Alan, Bruce, Colin and David each began a game of poker with $7 made up solely of 20 cent pieces. At the end of the game, they each added up their coins. They found that Alan and David together had as many coins as Bruce and Colin together. Moreover, Alan had 2 coins more than Colin and David together, while Bruce and David together had 8 coins more than the other two together. What was each player's profit or loss from the game?
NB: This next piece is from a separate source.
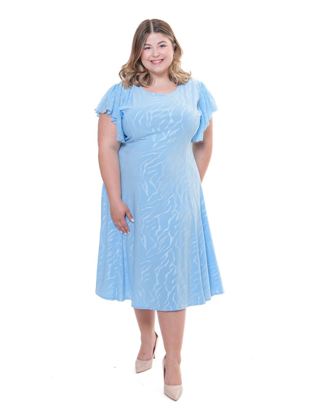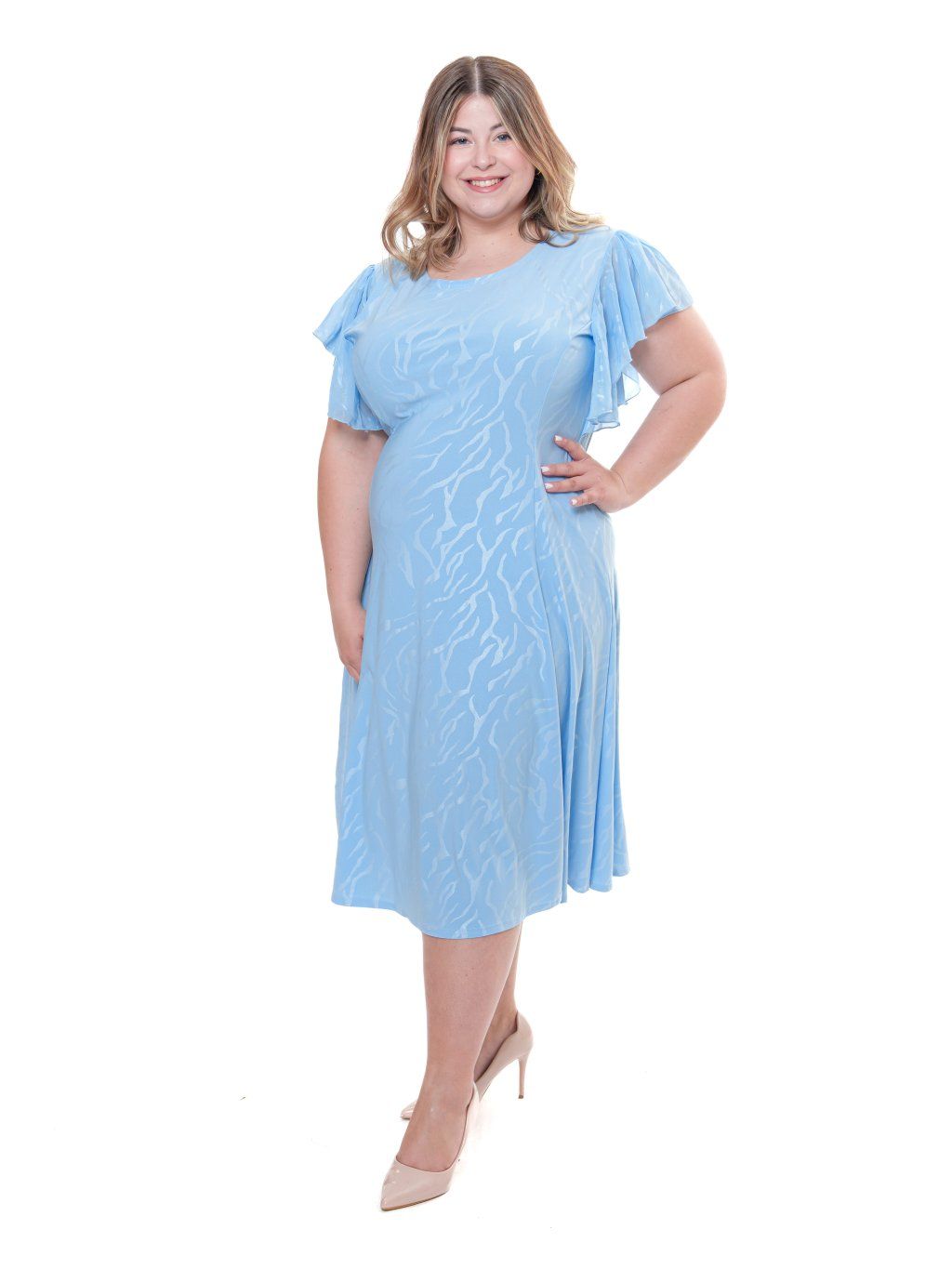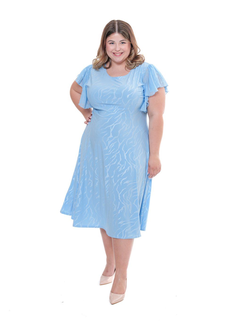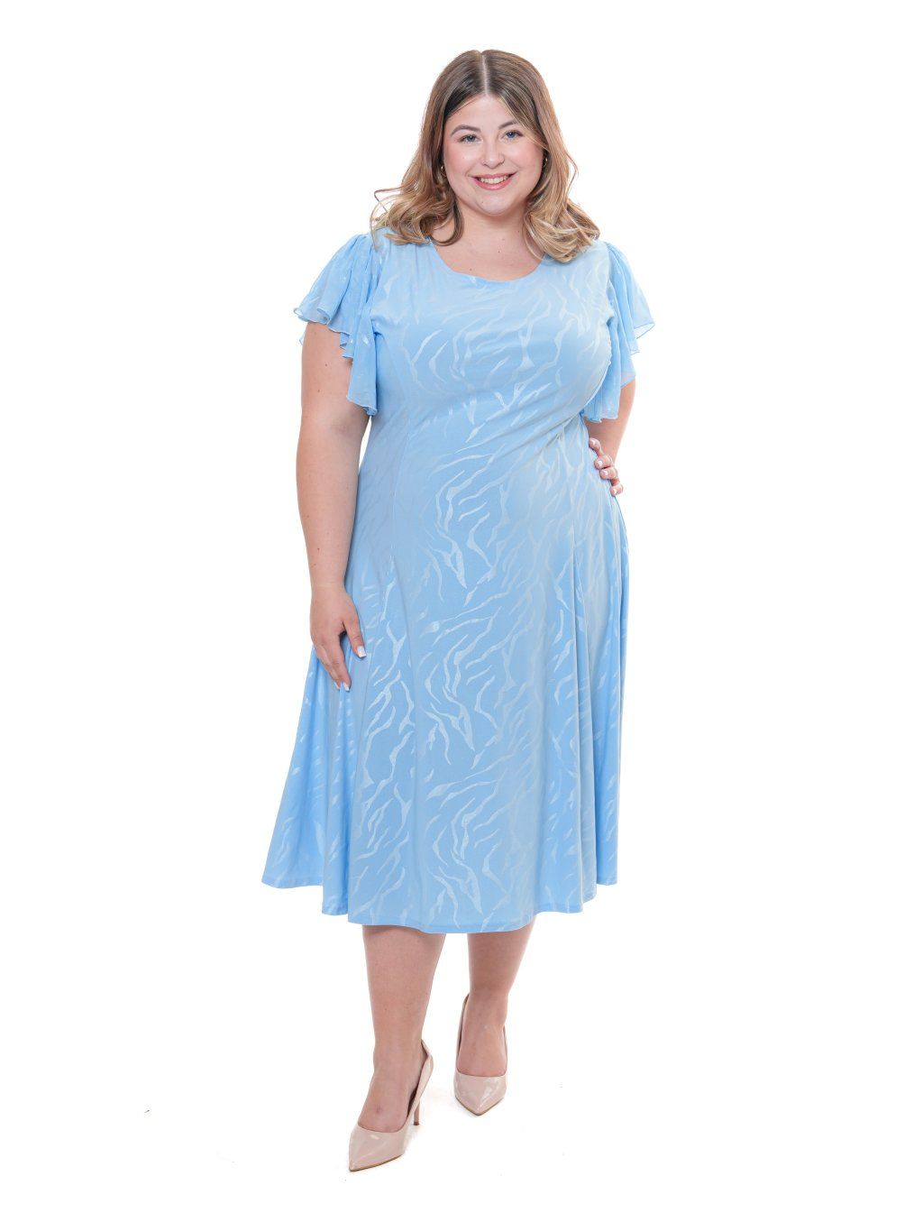 - Společenské šaty princesového střihu z lehkého splývavého úpletu s jemným třpytem a motýlími šifonovými rukávy.

Thanks for help.
Let Alan =A, Bruce=B, Colin=C, David =D
Because each player began with $7 in the form of 35 coins, the first clue can be expressed as:
1 - A+B+C+D=140. The remaining clues can be expressed similarly:
2- A+D=B+C
3- A=C+D+2
4- B+D=A+C+8
From 3 above we get =C+D=A-2, which when substituted into 1 yields:
5- 2A + B=142, From 2 above we get: D=B+C-A, which when substituted into 4 above, yields:
6- 2B-2A=8, solving 5 and 6 above together yields:A=46, B=50.
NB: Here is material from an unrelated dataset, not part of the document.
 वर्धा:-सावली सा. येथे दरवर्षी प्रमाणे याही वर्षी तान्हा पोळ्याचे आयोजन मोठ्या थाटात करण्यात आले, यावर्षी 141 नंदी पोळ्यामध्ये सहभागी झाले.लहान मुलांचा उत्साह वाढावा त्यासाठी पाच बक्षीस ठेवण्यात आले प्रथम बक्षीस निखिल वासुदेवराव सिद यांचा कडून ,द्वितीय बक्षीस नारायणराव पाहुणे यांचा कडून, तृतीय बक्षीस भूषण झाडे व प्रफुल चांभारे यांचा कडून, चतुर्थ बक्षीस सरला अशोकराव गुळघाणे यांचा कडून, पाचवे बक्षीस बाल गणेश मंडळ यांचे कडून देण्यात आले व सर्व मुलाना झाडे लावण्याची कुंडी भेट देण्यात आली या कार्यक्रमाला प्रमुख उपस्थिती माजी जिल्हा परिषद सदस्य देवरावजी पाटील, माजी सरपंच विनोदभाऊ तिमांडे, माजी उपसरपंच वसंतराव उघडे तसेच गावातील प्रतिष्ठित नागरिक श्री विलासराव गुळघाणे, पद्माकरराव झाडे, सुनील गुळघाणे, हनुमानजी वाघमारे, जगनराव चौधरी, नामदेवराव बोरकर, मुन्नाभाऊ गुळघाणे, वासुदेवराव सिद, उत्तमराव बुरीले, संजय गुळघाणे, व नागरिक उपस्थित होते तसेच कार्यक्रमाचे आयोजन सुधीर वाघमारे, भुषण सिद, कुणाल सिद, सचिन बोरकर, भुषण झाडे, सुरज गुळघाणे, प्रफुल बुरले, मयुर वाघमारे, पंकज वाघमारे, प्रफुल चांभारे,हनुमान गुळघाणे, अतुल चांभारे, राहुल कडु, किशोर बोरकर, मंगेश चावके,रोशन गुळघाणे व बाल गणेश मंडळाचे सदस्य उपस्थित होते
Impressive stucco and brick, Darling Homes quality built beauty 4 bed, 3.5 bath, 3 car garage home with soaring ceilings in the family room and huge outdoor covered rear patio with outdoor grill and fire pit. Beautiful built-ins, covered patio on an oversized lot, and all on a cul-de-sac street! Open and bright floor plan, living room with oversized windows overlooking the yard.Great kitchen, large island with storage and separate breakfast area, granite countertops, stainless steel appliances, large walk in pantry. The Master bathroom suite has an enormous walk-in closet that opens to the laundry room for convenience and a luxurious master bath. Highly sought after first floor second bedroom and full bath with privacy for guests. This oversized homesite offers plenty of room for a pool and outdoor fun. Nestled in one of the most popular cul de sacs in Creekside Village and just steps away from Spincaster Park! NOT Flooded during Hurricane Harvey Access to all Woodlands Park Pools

Substituting A into 3 above yields:
7 - C+D =44, and substituting A and B into 4 above yields:
8 -D - C =4, solving 7 and 8 together we get:
C=20 and D=24
Expressed in dollars, we get:
A=$9.20, B=$10, C=$4 and D=$4.80 as the money each player had left after the game.
P.S. Somebody should check my "Algebra!."
+129840 The had a total of $28/.20 = 140 coins...so...
A + B + C + D = 140 ( 1)
A + D = B + C → A + D - B - C = 0 (2)
A - C - D = 2 → A - 2 = C + D (3)
B + D - 8 = A + C (4)
Add (1) and (2) → 2A + 2D = 140 → A + D = 70 → D = 70 - A (5)
Put (5) into (3) → A - 2 = C + ( 70 - A) → 2A - 72 = C (6)
Put (5) and (6) into (4)
B + [70 - A] - 8 = A + [2A - 72] → B = 4A - 134
So we have
A + B + C + D = 140
A + [4A - 134] + [2A - 72] + [70 - A] = 140
6A = 276 → A = 46 → $9.20 = $2.20 profit
D = 70 - 46 = 24 → $4.80 = $2.20 loss
C = 2(46) - 72 = 20 → $4.00 → $3.00 loss
B = 4(46) - 134 = 50 → $10.00 → $3.00 profit
Notice that this is a "zero sum" game with regard to profit and losses...just as we would expect !!!!